What the task requires: Images are to be excluded, and the rest of the data repeated exactly.

Source data:
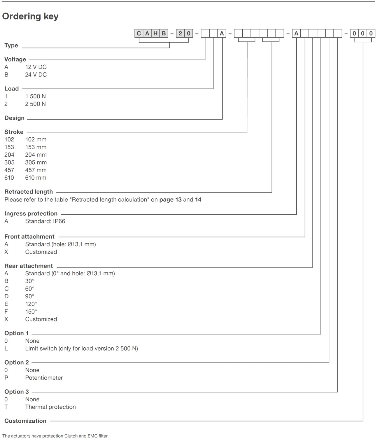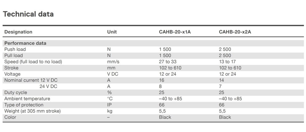 리니어 액추에이터 CAHB 20A는 적용 온도 -40℃~+85℃로 넓은 범위에서 사용이 가능하며, 방진방수 등급 IP66 환경에서 작동할 수 있도록 설계된 전자 기계식 선형 액추에이터 입니다.
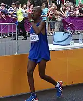 Competing in his first Olympics, Mosito Lehata was notable for carrying the flag of Lesotho in the closing ceremony.[15] He qualified for the Games because his fastest time, 20:63 seconds set in the 2012 African Championships in Athletics, met the "B" standard qualifying time for the men's 200 metres.[9][16] The International Association of Athletics Federations applied a rule where any competitor observed jumping the start would be disqualified. A spokesperson for the Lesotho Amateur Athletics Association noted that Lehata had previously jump started races in his career but did not expect him to violate the rule at the Olympics because of the athlete's slow reaction time.[17] Lehata competed in the fourth heat of the men's 200 metres on 7 August, finishing seventh (and last) of all competitors, with a time of 20.74 seconds.[18] Overall he finished 33rd out of 53 runners,[lower-alpha 2] and was unable to progress to the semi-finals because his time was 0.24 seconds behind the slowest qualifier.[18]
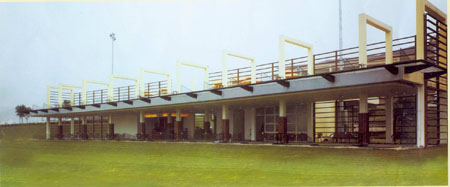 造型简洁、明快极富现代感的红鼎高尔夫练习场,共设有32个练习打位,分上下两层;夜间有泛光灯照明。
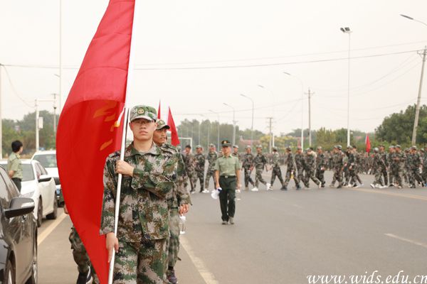 拉练队伍在“一二一”的口令声中健步离开校园。刘恒 摄
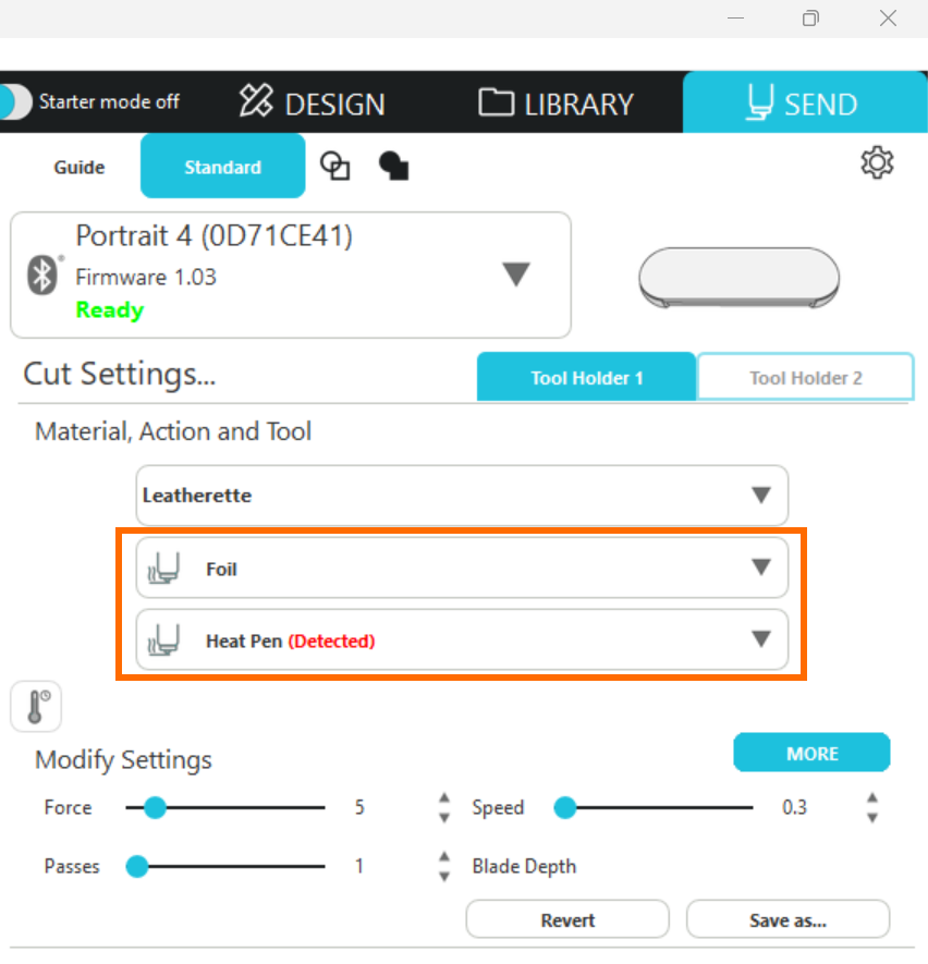 4. マシンとパソコンを接続するとヒートペンが自動的に検出され、[送信]パネルのツールホルダー1にアクションとツールが表示されます。
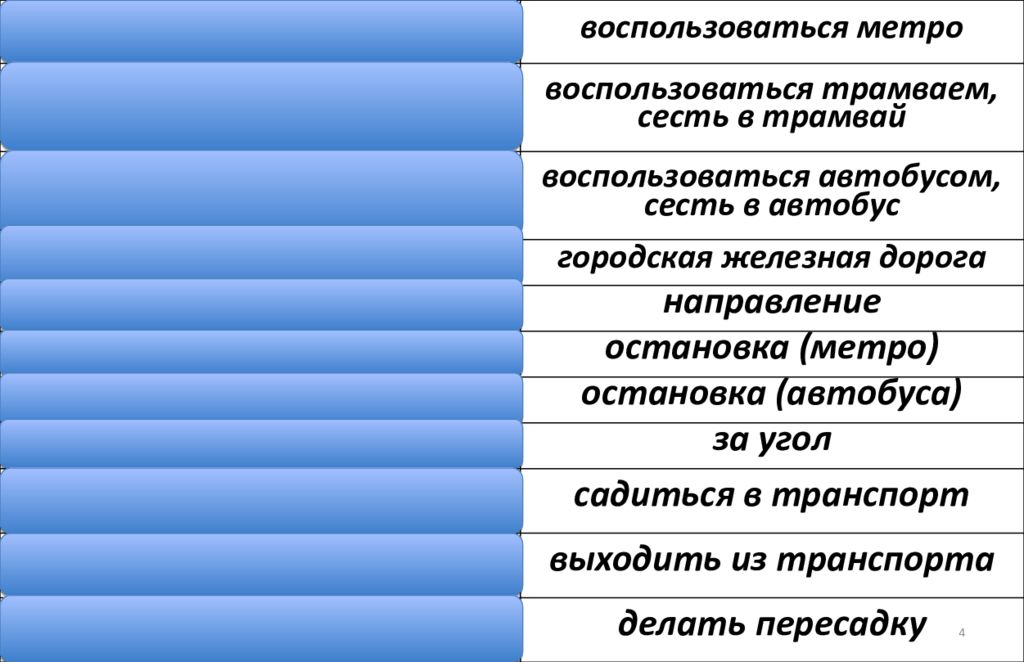 die U-Bahn nehmen воспользоваться метро die Straßen bahn nehmen воспользоваться трамваем, сесть в трамвай den Bus nehmen воспользоваться автобусом, сесть в автобус die S-Bahn городская железная дорога die Richtung направление die Station (en) остановка (метро) die Halte stelle (n) остановка (автобуса) um die Ecke за угол ein steigen (stieg ein, ist ein gestiegen) садиться в транспорт aus steigen (stieg aus, ist aus gestiegen) выходить из транспорта um steigen (stieg um, ist um gestiegen) делать пересадку 4
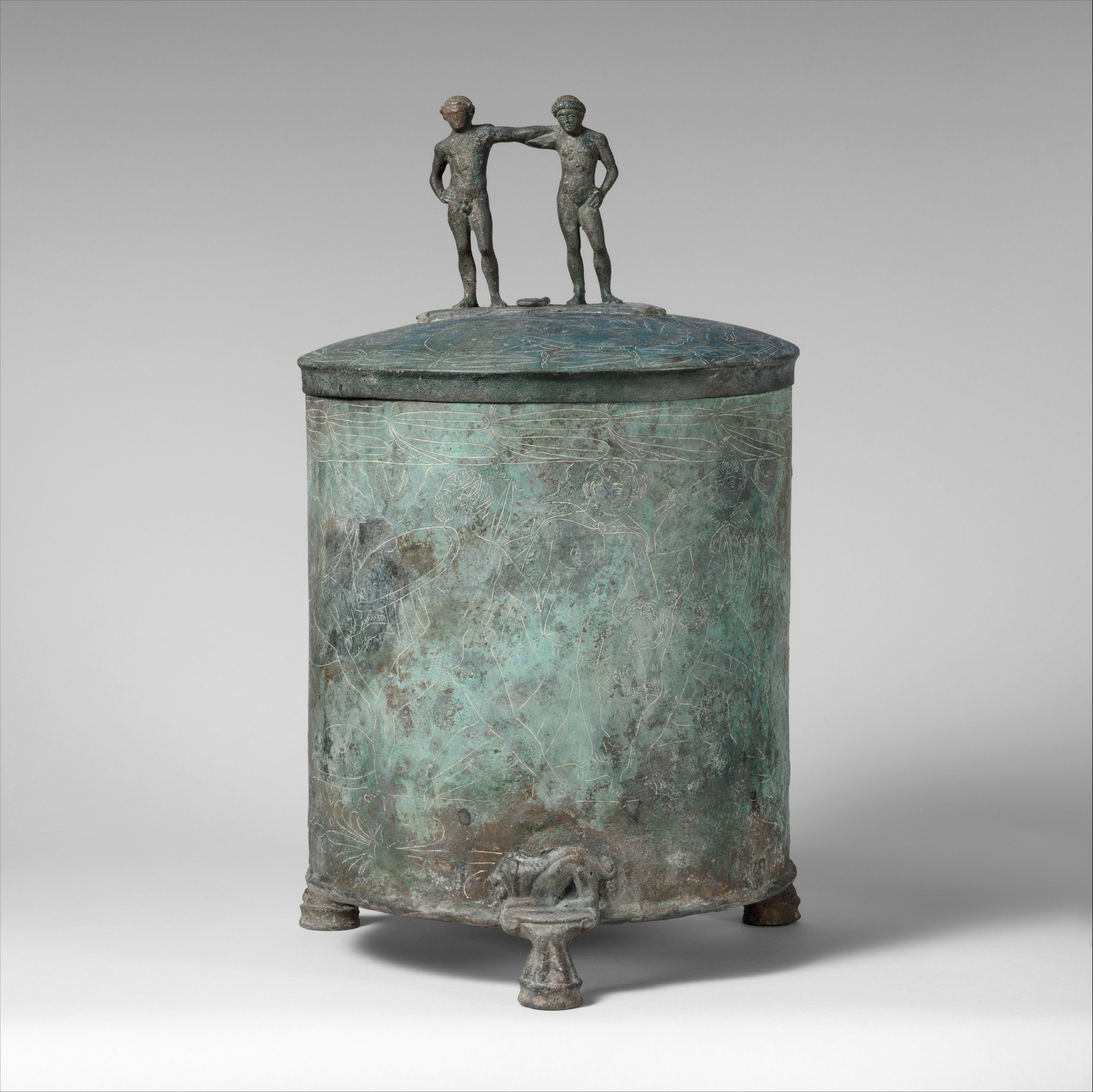 This is the largest and finest of the Museum's engraved cistae. The cylindrical body is decorated with three friezes, an unusual treatment. On the major frieze is a series of episodes from the Trojan War told in Homer's Iliad, including what seems to be the sacrifice of the Trojan prisoners. The minor friezes, above and below, depict battle scenes and chariot races but also include unrelated subjects, for example griffins attacking a horse. The chariot race continues on the solid-cast lion-paw feet. The poorly preserved engravings on the lid probably depict winged nereids riding on dolphins and sea monsters while carrying the armor of Achilles, the major Greek hero of the Trojan War. The handle, one of the finest of this type, shows two nude winged genii carrying the body of a dead soldier. The treatment of wing feathers and hair is especially delicate.

Task output:
 리니어 액추에이터 CAHB 20A는 적용 온도 -40℃~+85℃로 넓은 범위에서 사용이 가능하며, 방진방수 등급 IP66 환경에서 작동할 수 있도록 설계된 전자 기계식 선형 액추에이터 입니다.
 Competing in his first Olympics, Mosito Lehata was notable for carrying the flag of Lesotho in the closing ceremony.[15] He qualified for the Games because his fastest time, 20:63 seconds set in the 2012 African Championships in Athletics, met the "B" standard qualifying time for the men's 200 metres.[9][16] The International Association of Athletics Federations applied a rule where any competitor observed jumping the start would be disqualified. A spokesperson for the Lesotho Amateur Athletics Association noted that Lehata had previously jump started races in his career but did not expect him to violate the rule at the Olympics because of the athlete's slow reaction time.[17] Lehata competed in the fourth heat of the men's 200 metres on 7 August, finishing seventh (and last) of all competitors, with a time of 20.74 seconds.[18] Overall he finished 33rd out of 53 runners,[lower-alpha 2] and was unable to progress to the semi-finals because his time was 0.24 seconds behind the slowest qualifier.[18]
 造型简洁、明快极富现代感的红鼎高尔夫练习场,共设有32个练习打位,分上下两层;夜间有泛光灯照明。
 拉练队伍在“一二一”的口令声中健步离开校园。刘恒 摄
 4. マシンとパソコンを接続するとヒートペンが自動的に検出され、[送信]パネルのツールホルダー1にアクションとツールが表示されます。
 die U-Bahn nehmen воспользоваться метро die Straßen bahn nehmen воспользоваться трамваем, сесть в трамвай den Bus nehmen воспользоваться автобусом, сесть в автобус die S-Bahn городская железная дорога die Richtung направление die Station (en) остановка (метро) die Halte stelle (n) остановка (автобуса) um die Ecke за угол ein steigen (stieg ein, ist ein gestiegen) садиться в транспорт aus steigen (stieg aus, ist aus gestiegen) выходить из транспорта um steigen (stieg um, ist um gestiegen) делать пересадку 4
 This is the largest and finest of the Museum's engraved cistae. The cylindrical body is decorated with three friezes, an unusual treatment. On the major frieze is a series of episodes from the Trojan War told in Homer's Iliad, including what seems to be the sacrifice of the Trojan prisoners. The minor friezes, above and below, depict battle scenes and chariot races but also include unrelated subjects, for example griffins attacking a horse. The chariot race continues on the solid-cast lion-paw feet. The poorly preserved engravings on the lid probably depict winged nereids riding on dolphins and sea monsters while carrying the armor of Achilles, the major Greek hero of the Trojan War. The handle, one of the finest of this type, shows two nude winged genii carrying the body of a dead soldier. The treatment of wing feathers and hair is especially delicate.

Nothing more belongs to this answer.